PaddlePaddle 1.1.0
Release Notes
Major New Features and Improvements
Framework
-
Memory optimization strategy "eager deletion" now supports sub-block in control flow operators (e.g. if-else, while). Significantly reduce memory consumption of models with control flow operators.
-
Optimize split operator, significantly improve performance.
-
Extend multiclass_nms operator, supports polygon bounding box.
-
Added generate_proposals operator CUDA implementation, significantly improve performance.
-
Support fusing affine_channel operator and batch_norm operator, significantly improve performance.
-
Optimize depthwise_conv operator, significantly improve performance.
-
Optimize reduce_mean operator, significantly improve performance.
-
Optimize sum operator, significantly improve performance.
-
Optimize top_k operator, significantly improve performance.
-
Added new sequence_slice operator.

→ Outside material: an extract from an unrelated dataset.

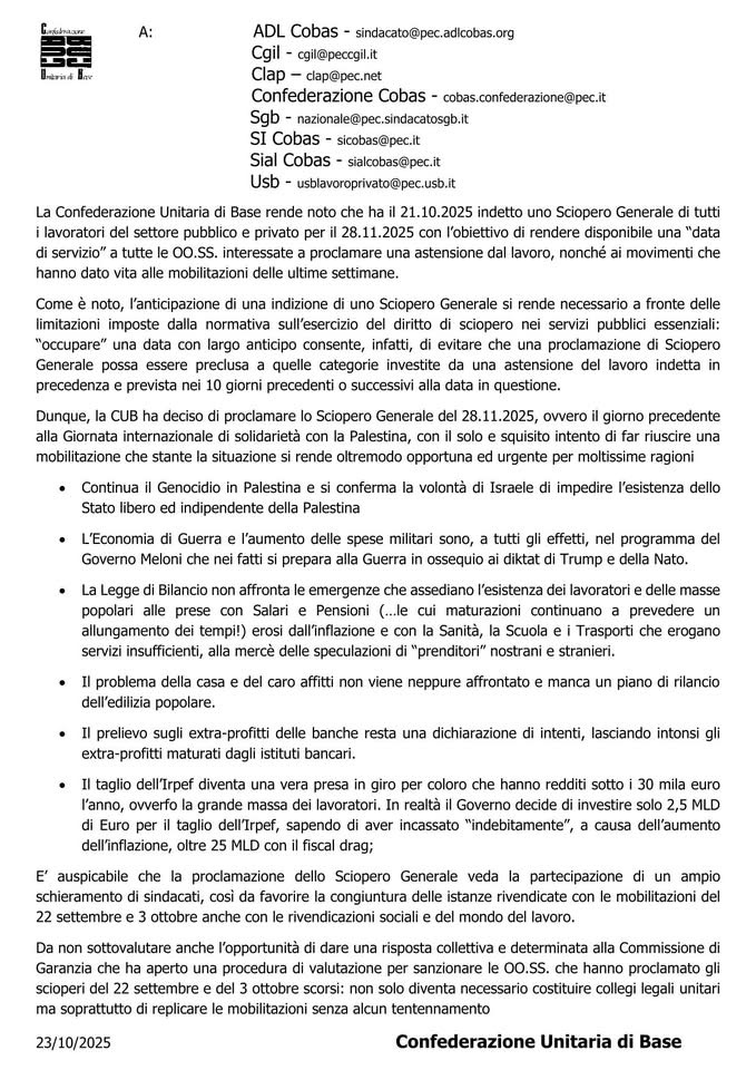 4) infine la lettera della CUB, rivolta a tutti i sindacati di base e alla Cgil.

For a sequence, slice sub-sequence based on specified start and length.
-
Added new sequence_unpad operator. Support padding Tensor to LoDTensor conversion.
-
Added new sequence_reverse operator. roi_align operator, affine_channel operator.
Server Inference
-
Added avx, noavx auto switch feature, allow major models to automatically switch among avx, avx2, avx512.
-
Improve inference usability: Only need to include 1 header and 1 library.
-
Significantly improve inference performance.
Mobile Inference
-
Added Mali GPU and Andreno GPU support for mobilenet v1 model.
-
Added ZU5, ZU9 FPGA support for resnet34 and resnet50 models.
发布日志
主要新功能和优化
基础框架
-
显存优化策略eager deletion支持control flow (e.g. if-else, while)中子block的优化。显著降低包含control flow的模型的显存开销。
-
优化了split operator,显著提升性能。
-
扩展multiclass_nms operator,支持多边形的预测框。
-
新增generatoe_proposals operator的CUDA实现,显著提升性能。
-
通过affine_channel operator融合batch_norm operator,显著提升性能。
-
优化depthwise_conv operator的forward和backward,显著提升性能。
-
优化reduce_mean operator。
-
优化sum operator,该operator在输入是Tensor的情况下,减少一次zero memory耗时。
-
优化top_k operator,显著提升性能。
-
新增sequence_slice operator,对于一个sequence,可以从指定位置开始,slice出指定长度的subsequence。
-
新增sequence_unpad operator,支持padding Tensor转LoDTensor。
-
新增sequence_reverse operator,roi_align operator,affine_channel operator。
服务端预测
- 增加了部署时 AVX 和 NOAVX 自动切换的feature,可以针对重点模型实现AVX, AVX2, AVX512自动切换
- 提升预测库易用性:只需要 include一个头文件和一个库。
- ICNet 预测性能大幅提升。
移动端预测
- 新增Mali GPU和Andreno GPU上mobilenet v1模型支持。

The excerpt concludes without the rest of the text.